Выбрать главу

Я оглянулся на Артемыча. Старпом китобазы смотрел на китобоец явно обескураженно. Еще раз хмыкнув, он сердито воткнул не понадобившийся мегафон в гнездо и, заложив руки за спину, ушел с мостика. А я еще пристальней стал вглядываться в качающийся под бортом китобоец. На его ходовом мостике Середа показался мне совсем маленьким. Может, оттого, что смотрел я на него с двадцатиметровой высоты капитанского мостика флагмана. И опять я не услышал ни одной громкой команды, хотя Середа иногда и говорил что-то сновавшим по палубе матросам «Безупречного». Китобоец пополнял запас горючего и продовольствия. Однажды мне послышалось в очередном распоряжении Середы слово «пожалуйста». Я улыбнулся. Мне стало вдруг невероятно хорошо от такого предположения.

Минут через двадцать на крыло флагманского мостика чертом выскочил Артем Артемыч. Удовлетворенно крякнув, старпом флагмана снова выхватил мегафон, и над ночной Антарктикой загремело:

— На «Безупречном»! Какого черта чухаетесь?!

Я удивился гневу Артема Артемыча. Китобойцы бункеровались обычно полчаса, а то и больше. Ходовых огней в океане не видно — никто в очередь за «Безупречным» на бункеровку не стоит.

— Сколько еще будете чухаться? — продолжал неистовствовать флагманский старпом.

Я видел, как Середа поднял свой мегафон и в ночи прозвучал его спокойный, несколько искусственно забаритоненный голос:

— Не понял вас, Артем Артемыч!

— Что-о-о-о?!!

Матросы-раздельщики ночной смены на палубе китобазы прекратили надрезку китовой туши и весело переглянулись.

— Я спрашиваю, — голос Артема Артемыча, усиленный мегафоном, дрожал, — когда чураться перестанете?!!

И опять чёткий невозмутимый баритон с «Безупречного»:

— Простите, Артем Артемыч, не можем понять вас.

На крыло китобазы вышел, видимо, подышать перед сном капитан-директор флотилии Волгин. Иллюминаторы его каюты выходили на правый борт, и он, конечно, все слышал.

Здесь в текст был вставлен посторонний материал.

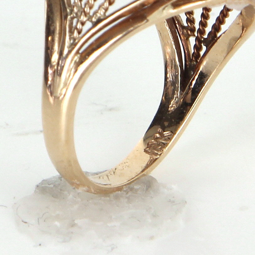 Size & Measurements: The ring is a size 5 3/4 (sizable). The mount measures 19mm in length (0.74 inches) and 15mm wide (0.59 inches), rising 11mm from the finger. Metal & Hallmark: Solid 18 karat yellow gold. The ring is hallmarked "18k".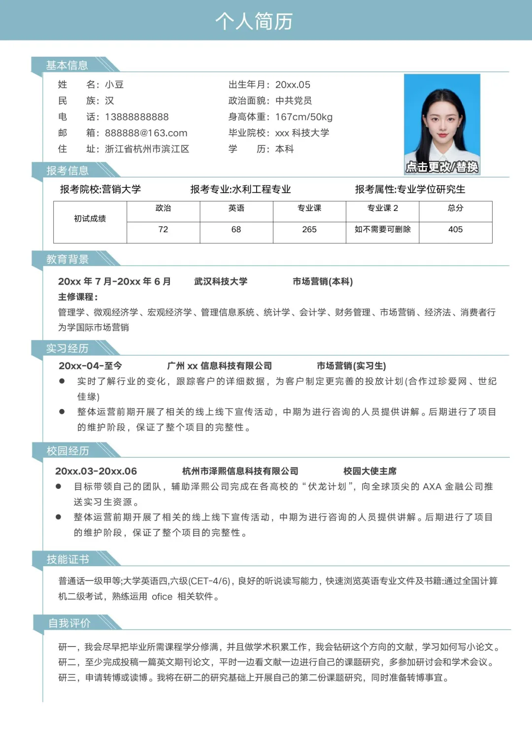 考研复试带份清爽吸睛简历,绝对让你的面试事半功倍。虽然很多学校并没有强制规定考研面试也要带简历,但你做了,效果绝对不同。你笔试成绩是死的,但人是活的,考研和高考不一样,老师会更多地考察试卷上看不出来的东西,越是好学校,越是大拿导师,越是这个倾向。好好准备考试,按我这一套模板选一个填进你的优势,让导师眼前一亮,直接在心里把你锁定,都整理好了,不要再去翻了,停,保存,下载,行动。链接自取:

— Он, видите ли, не понимает! — всплеснул руками, чуть не разбив мегафон о свое колено, Артем Артемыч и покосился на капитан-директора, явно ожидая поддержки.

Но Волгин молча, не взглянув ни на старпома, ни на китобоец, прошелся по крылу мостика и, поправив на ходу брезентовый чехол на пеленгаторе, негромко вздохнул:

— Все может быть. Слова «чухаться» нет ни в одном морском словаре. — Изрек и неторопливо перешел на левое крыло мостика.

Не то вздох, не то стон вырвался из груди Артема Артемыча. Наверное, с минуту он стоял понуро, закусив губу, а потом снова поднял мегафон.

— На «Безупречном»! Я спрашиваю, когда закончите бункеровку?

— Благодарю! — тотчас ответил Середа звонким высоким голосом, неожиданно перестав «баритонить». — Вас понял. Бункеровку закончим через шесть минут.

Артем Артемыч яростно задрал рукав кожаного реглана, взглянул на тускло фосфоресцирующий циферблат, что-то пробурчал и скрылся в рубке.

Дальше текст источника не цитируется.